Talent.com, founded in 2011, offers a unified job search platform covering 75+ countries, 30M+ job listings, and various languages and industries. It collaborates with AWS to develop a job recommendation engine using deep learning. The large-scale data processing pipeline handles JSON Lines from S3, extracting and refining features for the recommendation engine. The pipeline significantly shortened the time needed to deploy the ML pipeline to production.
Solution Overview
Talent.com, in collaboration with AWS, has built a cutting-edge job recommendation engine using Amazon SageMaker. This engine is capable of handling over 30 million job listings from various sources and employs deep learning techniques to provide personalized job recommendations to users. To facilitate the processing of this extensive amount of data, a three-phase ETL (extract, transform, and load) pipeline has been developed, leveraging Amazon SageMaker Processing, AWS Glue, Amazon Athena, and Python libraries for efficient feature extraction and data management.

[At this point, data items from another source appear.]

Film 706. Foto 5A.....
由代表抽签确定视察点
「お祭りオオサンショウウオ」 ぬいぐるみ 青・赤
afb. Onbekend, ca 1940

Phase 1: Process Raw JSONL Files
The pipeline utilises Amazon SageMaker Processing jobs to handle raw JSONL files associated with specific days, performing feature extraction and data compaction. By parallelising the processing of each JSONL file, the pipeline ensures efficient extraction and compaction, ultimately saving the processed features into Parquet files and uploading them to Amazon S3. This enables efficient crawling and SQL queries in subsequent pipeline stages.

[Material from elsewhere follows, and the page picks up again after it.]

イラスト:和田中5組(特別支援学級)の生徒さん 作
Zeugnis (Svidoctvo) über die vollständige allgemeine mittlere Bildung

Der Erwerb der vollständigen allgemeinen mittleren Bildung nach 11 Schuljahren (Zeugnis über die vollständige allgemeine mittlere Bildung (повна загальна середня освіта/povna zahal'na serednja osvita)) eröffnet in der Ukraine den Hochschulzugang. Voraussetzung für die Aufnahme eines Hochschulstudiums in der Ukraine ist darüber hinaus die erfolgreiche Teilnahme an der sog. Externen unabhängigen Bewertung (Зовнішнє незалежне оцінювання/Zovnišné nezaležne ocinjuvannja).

Phase 2: Crawl Processed Data Using AWS Glue
Once the raw data for multiple days has been processed, an Athena table is created using an AWS Glue crawler. This step allows for the creation of a table from the processed data, providing seamless management of large volumes of features for subsequent model training.

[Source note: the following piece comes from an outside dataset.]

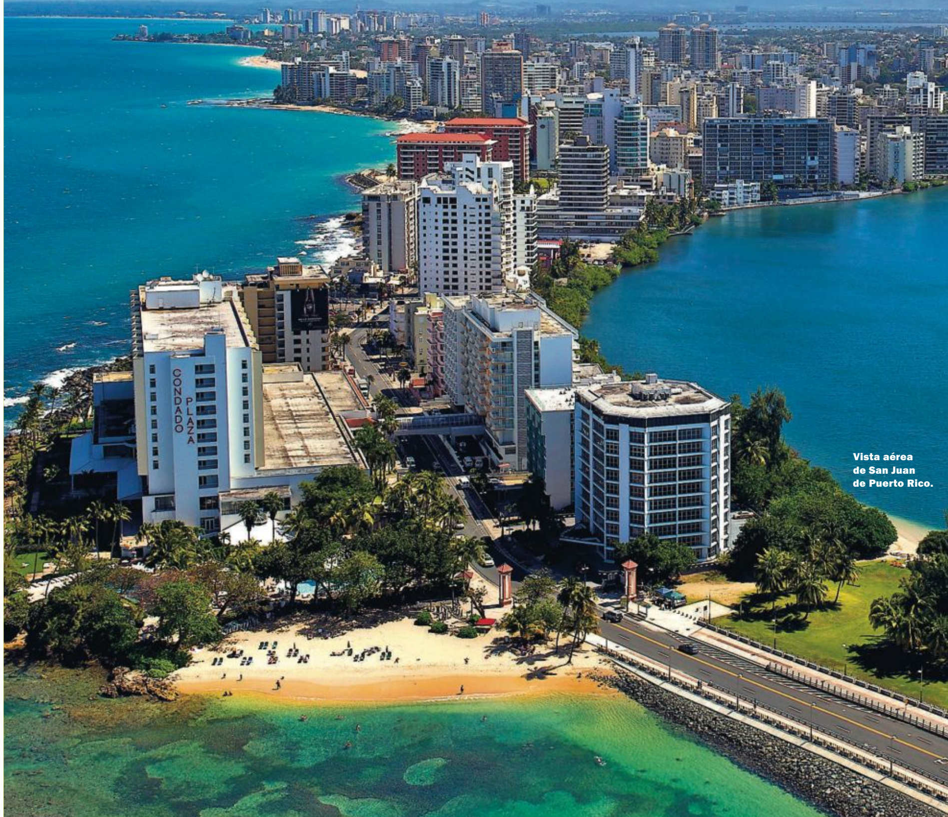
Vista aérea de San Juan de Puerto Rico.

HOJA DE RUTA PARA CRECER. La isla mantiene su deseo de construir una Arcadia en el Caribe y dejar atrás ocho años de crisis. El gobernador Alejandro García Padilla apuesta por un ambicioso plan para reindustrializar el territorio, reducir el déficit y detener la diáspora a Estados Unidos. Páginas 2 y 3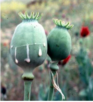
Levha 1: Haşhaş kapsülü Mat 2009: 287.

Geç Hitit Dönemi tanrıçası Kubaba'nın sembolleri de, Anadolu'da bitkinin tanındığını kanıtlar niteliktedir. Tanrıça Karkamış'ta bulunan tasvirlerinde, elinde ayna ve nar/haşhaş tutarken betimlenmiştir. Hnila (2002:315-323), Kargamış'tan gelen bir Kubaba tasvirini, Birecik ve Ancuzköy'de bulunan birkaç örnekten yeni-

Phase 3: Load Processed Features for Training
Processed features for a specified date range are loaded from the Athena table using SQL, enabling seamless integration with the training of the job recommender model. The solution simplifies these tasks and allows for quick path-to-production for both Data Scientists and ML Engineers.
Solution Benefits
The implemented solution offers multiple advantages, including simplified implementation, quick path-to-production, reusability, efficiency, and support for incremental updates. It enables Talent.com to process large volumes of data, leveraging the ETL pipeline to create training data and deploy the recommendation system into production within a short timeframe. Ultimately, the solution has led to significant improvements in performance, including an 8.6% increase in clickthrough rate in A/B testing, highlighting its tangible impact on connecting users with relevant job opportunities.
Conclusion
The ETL pipeline outlined in this post has played a crucial role in enabling Talent.com to build and deploy their job recommendation system efficiently. Using Amazon SageMaker Processing jobs, the pipeline has streamlined feature extraction and provided the necessary infrastructure for developing and deploying ML models at scale. The authors encourage readers to explore the potential of this pipeline and its applicability to various use-cases, emphasising its reusability and efficiency in streamlining AI and ML workflows.
About the Authors
The team contributing to this solution includes experts from both Amazon Machine Learning Solutions Lab and Talent.com, bringing a wealth of experience in AI, machine learning, and technology solutions. Their collaborative efforts have resulted in a practical and impactful AI solution that significantly benefits Talent.com’s workforce connections and user engagement.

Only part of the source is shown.